1968 Lotus 56 Indy 500 Turbine

   In 1967 the STP-Paxton Turbine powered car ("Silent Sam") almost won the Indy 500 and Colin Chapman took note. The Lotus 38 had had it s day, successful as it had been it was time for something new. He came up with new ideas for an entirely new and more advanced design. For all Chapman's ideas it was Maurice Philippe who actually designed the Lotus 56 for the 1968 Indianapolis 500.

   USAC had also noted the apparent ease with which the STP-Paxton turbine had lead the 1967 race and decided to change some of the rules to keep the racing even. Chief amongst them being to drastically reduce the air intake size in order to restrict power.

   The Lotus 56 made up for this power reduction by having a sophisticated suspension layout and being light in weight. Advanced aerodynamics were pressed into service and a Ferguson 4wd traction system was employed to help with cornering grip and speed.

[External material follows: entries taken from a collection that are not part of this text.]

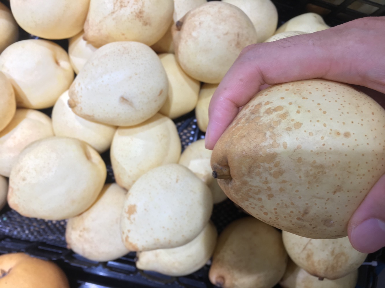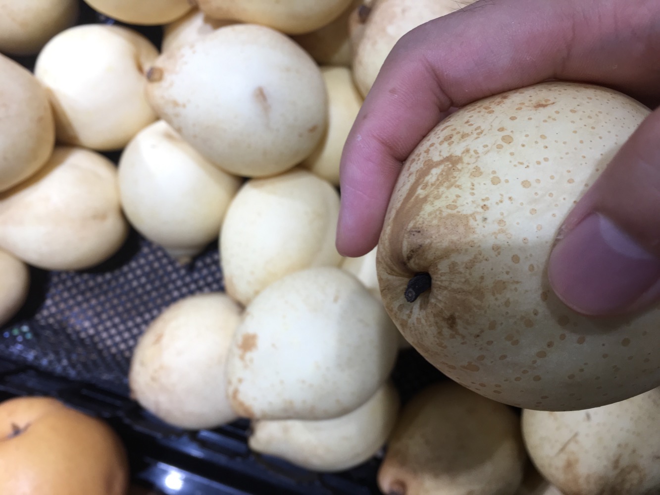 图一就是整根梨子把儿都干枯了,肯定冷库放了1年且保存没那么好,水分流失太多。如果你选了这种,切开后梨核,甚至包括周围都是黑的。
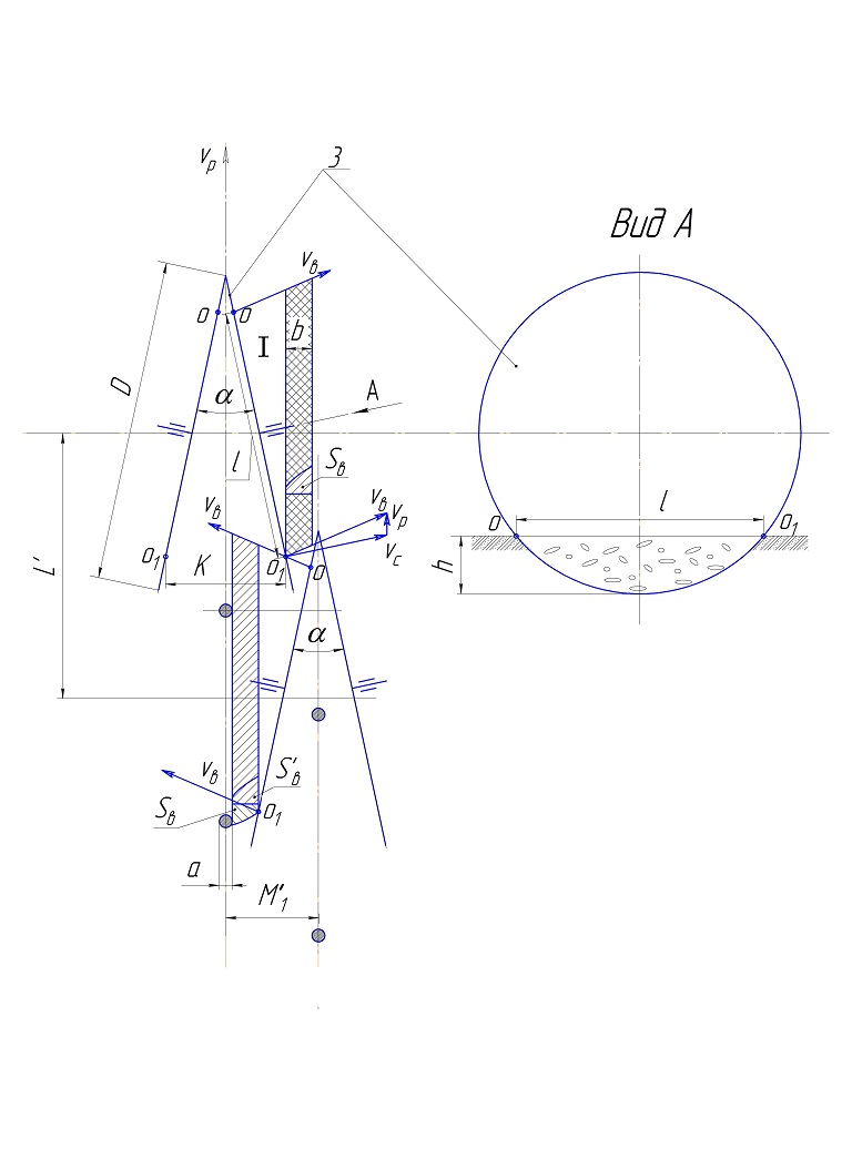 Рисунок 16 – Загальний вигляд розстановки суміжних пар секцій в сівалці з синхронізацією укладання насіння за шаховим типом: 3 – сошник; D – діаметр диска сошника; α – кут установки дисків сошника; L – глибина висіву насіння; Vв – результатний вектор від кидання ґрунту; Vс – вектор сколення ґрунту; VР – вектор руху сівалки; Sв – форма перерізу валка; b – ширина валка; І – зона ґрунту, яка зсувається частиною диска зануреного в ґрунті; К – відстань між сошниками в точках занурення в ґрунт; l – довжина хорди зануреного сошника в ґрунт на глибину h; a – розмір насінини; М'1 – рознесення суміжних в парі секцій
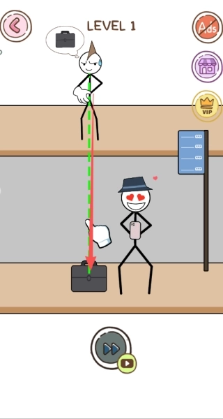 《看我速通关》是一款十分考验思维能力的休闲益智闯关游戏。在游戏中,玩家需要通过滑动屏幕与场景内的火柴人展开互动,各类道具均可点击操作。玩家要巧妙利用这些道具的特性来推进关卡,每种道具和武器的运用都蕴含着严谨的逻辑,只有经过仔细思考才能顺利通关。
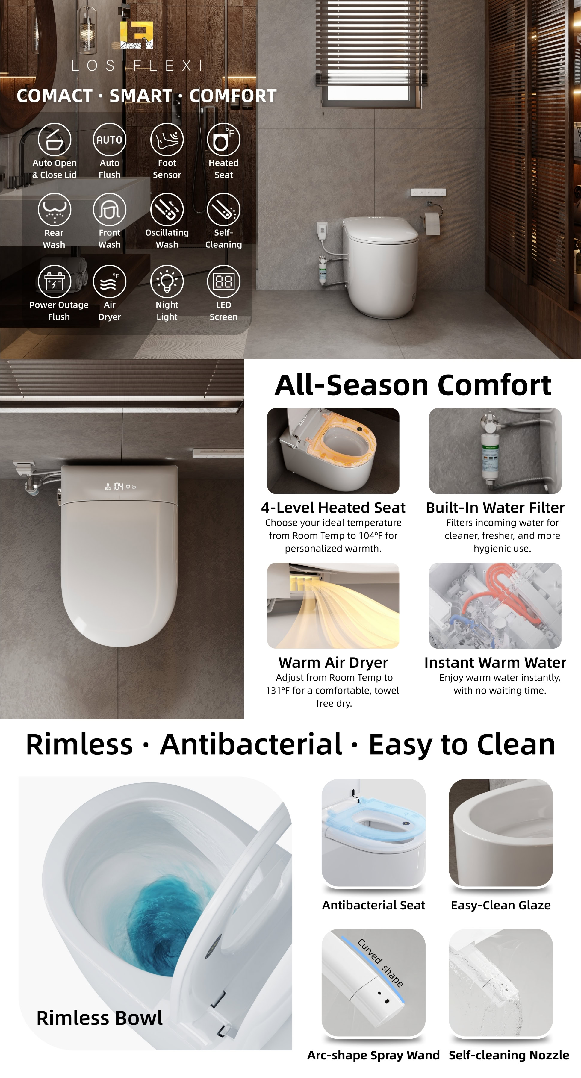 Los Flexi E81 Compact Smart Toilet, Rimless One-Piece Design, Built-In Water Tank, Instant Warm Water Bidet, Heated Seat, Foot Sensor, ETL Certified, Remote Control
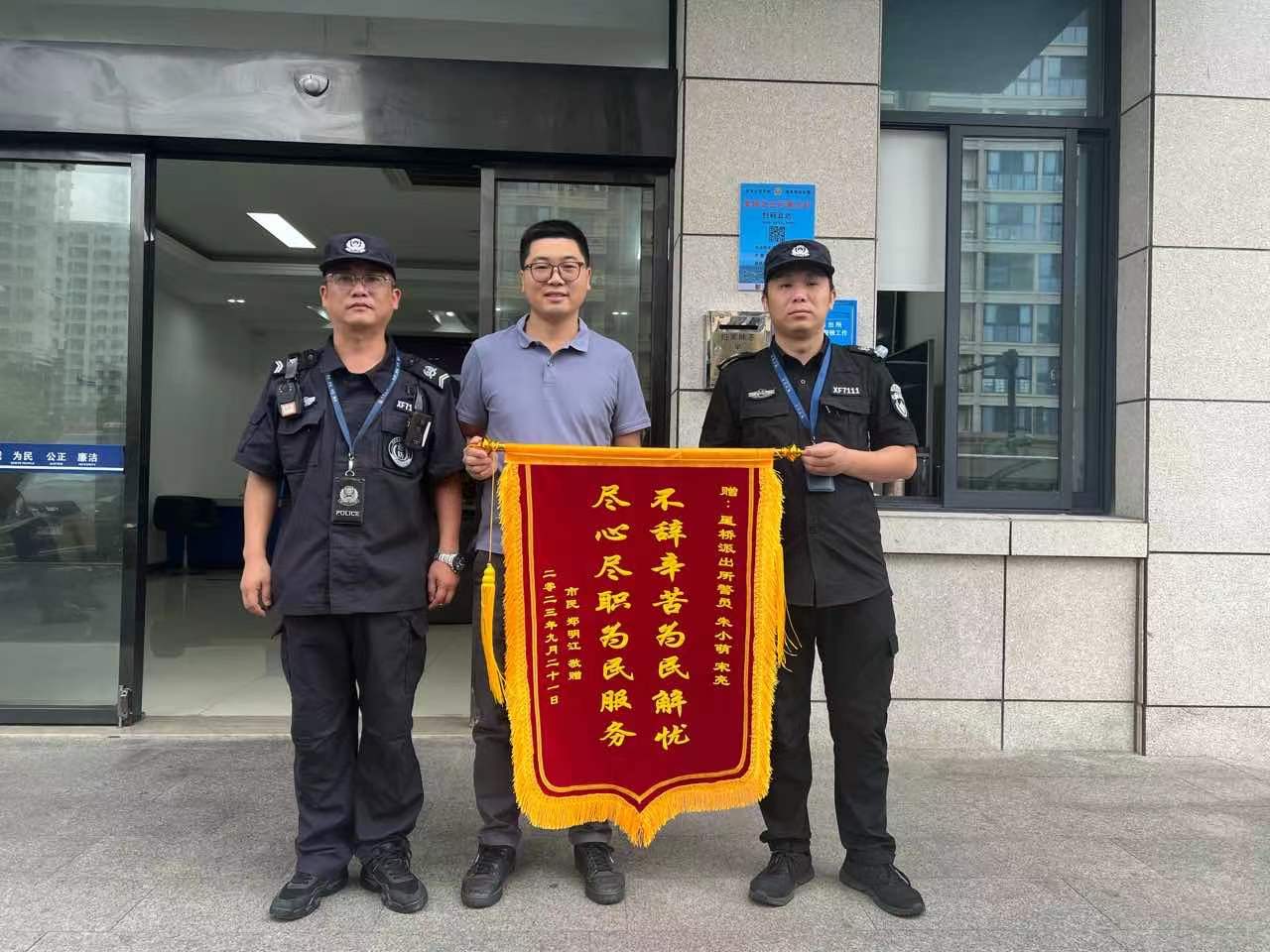 9月21日,浙江民泰公司駐杭州市臨平區(qū)星橋派出所輔助項(xiàng)目員工收到市民鄭先生送來(lái)的繡有“不辭辛苦為民解憂(yōu) 盡心盡職為民服務(wù)”的錦旗,感謝公司員工宋亮和朱小萌盡心為民幫助其找到了走失的母親。

   Having lost the services of both Jim Clark and Mike Spence in tragic accidents (Clark in an F2 race at Hockenheimring and Spence while testing the 56 at Indianapolis), Lotus only had Graham Hill of their regular driver line up left. To back him up they drafted in Joe Leonard, a former multiple winner of the A.M.A Grand National Championship motorcycle series, and Art Pollard. Both reasonably experienced Indy drivers at this point in their careers.

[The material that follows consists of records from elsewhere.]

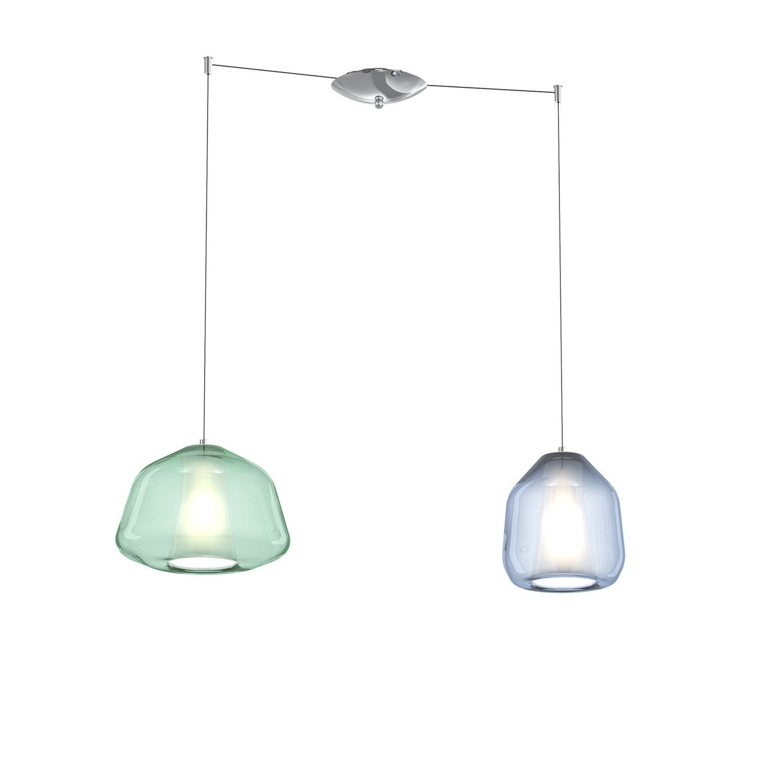 Collezione DOUBLE SKINLAMPADA DALLA DOPPIA ANIMASospensione 1 luce composta da una struttura in metallo color cromo e un diffusore in vetro pirex soffiato colore ver..
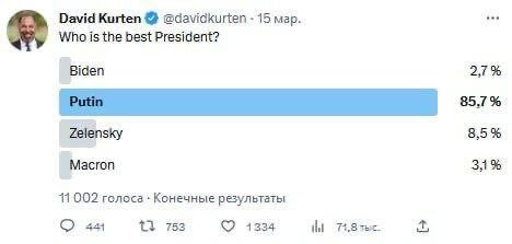 В Великобритании один из партийных лидеров английского парламента решил в своём Твиттере провести опрос: "Кто лучший президент?". За сутки (на 16 марта) проголосовало 11 000 человек и выглядело это как-то так:
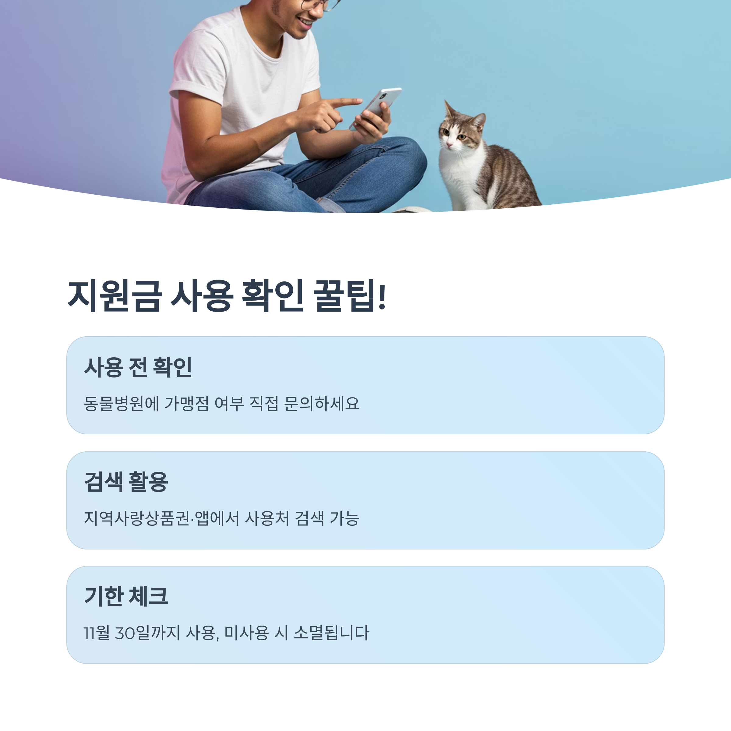 이처럼 동물병원에서도 민생지원금 사용이 가능하려면 몇 가지 기준을 충족해야 해요. 저는 사용 전에 카드사 앱에서 가맹점 여부를 먼저 확인했고, 해당 병원에 직접 전화해서 최종 확인을 했어요. 작은 준비만으로도 헛걸음 없이 알차게 쓸 수 있답니다. 😄

   In qualifying Graham Hill, the 1966 champion, went first and immediately set a new qualifying record. Later, his STP Lotus teammate Joe Leonard grabbed the pole position with a speed of 171.559mph (276.097km/h). Still, first and second on the grid was a good start.

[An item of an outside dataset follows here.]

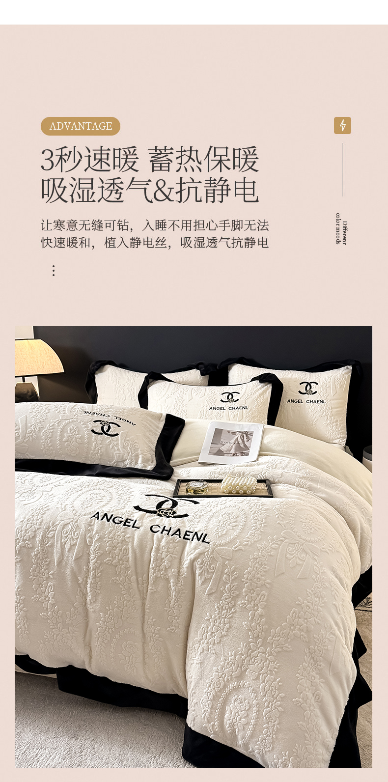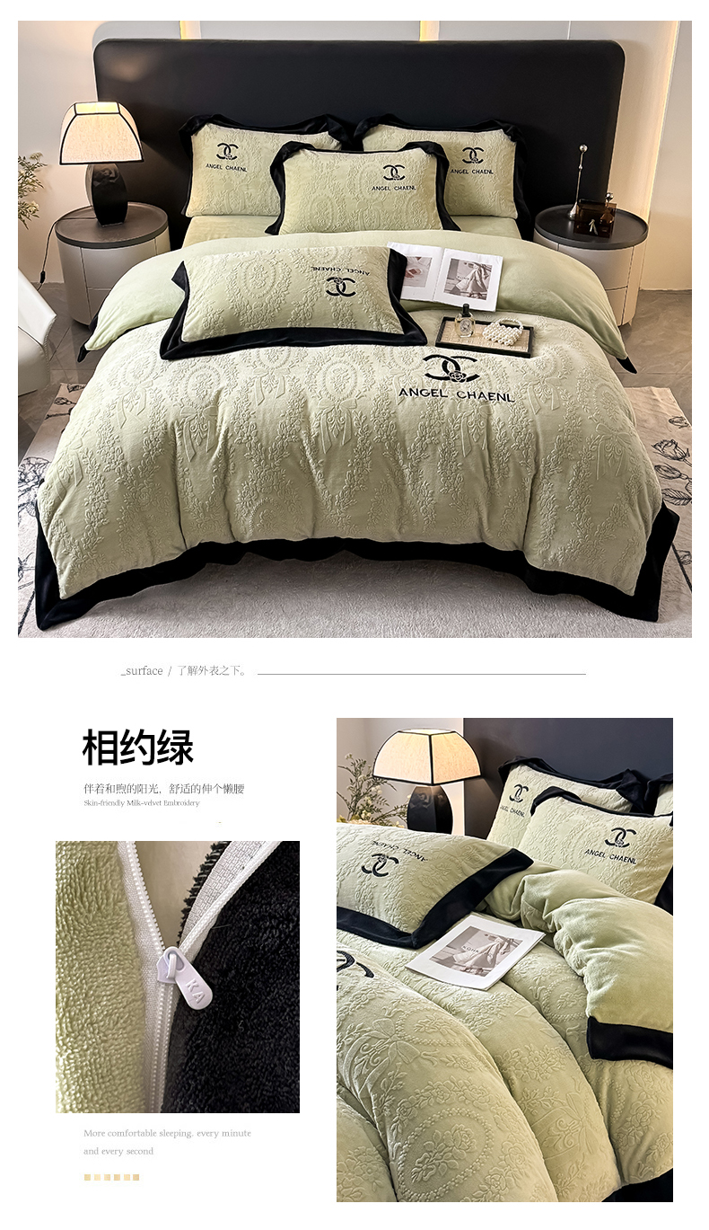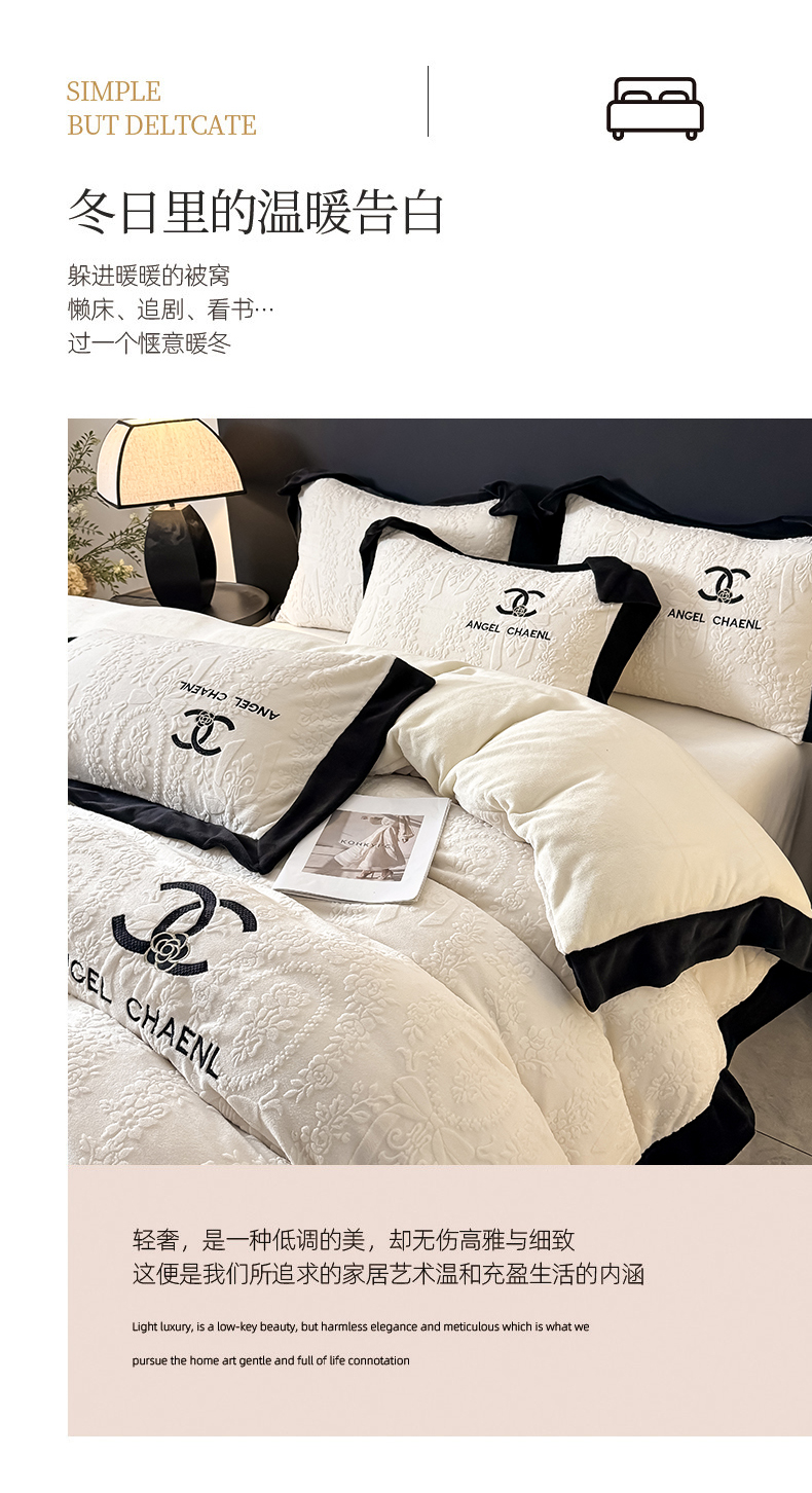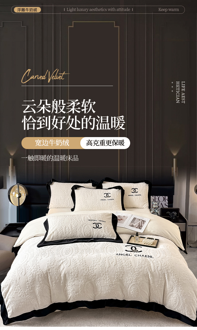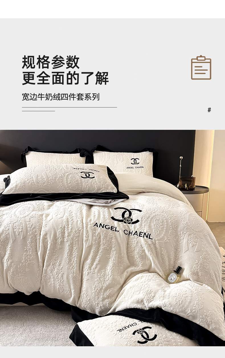 (总)KA家纺 2025冬季高克重绣花雕花牛奶绒四件套

   In the race the turbine cars were relatively evenly matched with the top contenders, mostly because of the aerodynamics and the 4wd chassis design. At the start Leonard took off in the lead followed by Bobby Unser and Roger McCluskey who had moved up to third by the end of lap 1. Lap 41 saw the first caution flag when Al Unser lost a wheel and hit the wall at turn one. At around the 200 mile mark A.J.Foyt blew his engine and his hopes for a fourth Indy title went up in smoke. One champion was followed out by another as on lap 110 Graham Hill lost a wheel and turned into the wall at turn two, bringing out the second caution. After several more incidents and retirements the last round of pitstops came up. Bobby Unser lost time with his car being stuck in gear so he struggled to get going again. This let both Leonard and Lloyd Ruby pass him. Things are looking good for Team lotus. Then with 16 laps to go Carl Williams hit the wall on the backstretch bringing out the final caution flag. At the restart both the remaining STP-Lotus 56 cars lurched forward then ground to a halt with the same problem, broken fuel pump drive shafts.

1/25th scale kit.
Built by John Lewis.

   MPC first released this kit in 1968 almost as soon as the car had turned so many heads at that years Indy 500. It was then listed as kit # 800-150, and it proved very popular. Those who missed out on buying one of these kits had to wait until 1995 for MPC to do a re-release of the kit, # 6025, unchanged from the original apart from the box. Decals in both cases being for the Graham Hill car and ignoring Joe Leonard completely.

   In 2003 AMT/ERTL released the same kit but with different decals. Kit # 31919 is of a white turbine with race number 50 on the sides. The box has “Buyers Choice” logos and the same script in French too suggesting this was a release made in response to pressure from the buying public.

   One thing is certain, the kit remains very desirable for the Indy racing version and for conversion to the Lotus 56B F1 car.

   This model was built in the 1990s straight from the box by the late John Lewis. John was the leader of the IPMS(UK) Car and Motorcycle Special Interest Group for many years and a fantastic model maker. An inspiration to many modellers his enthusiasm was matched only by the humble way he approached his peers.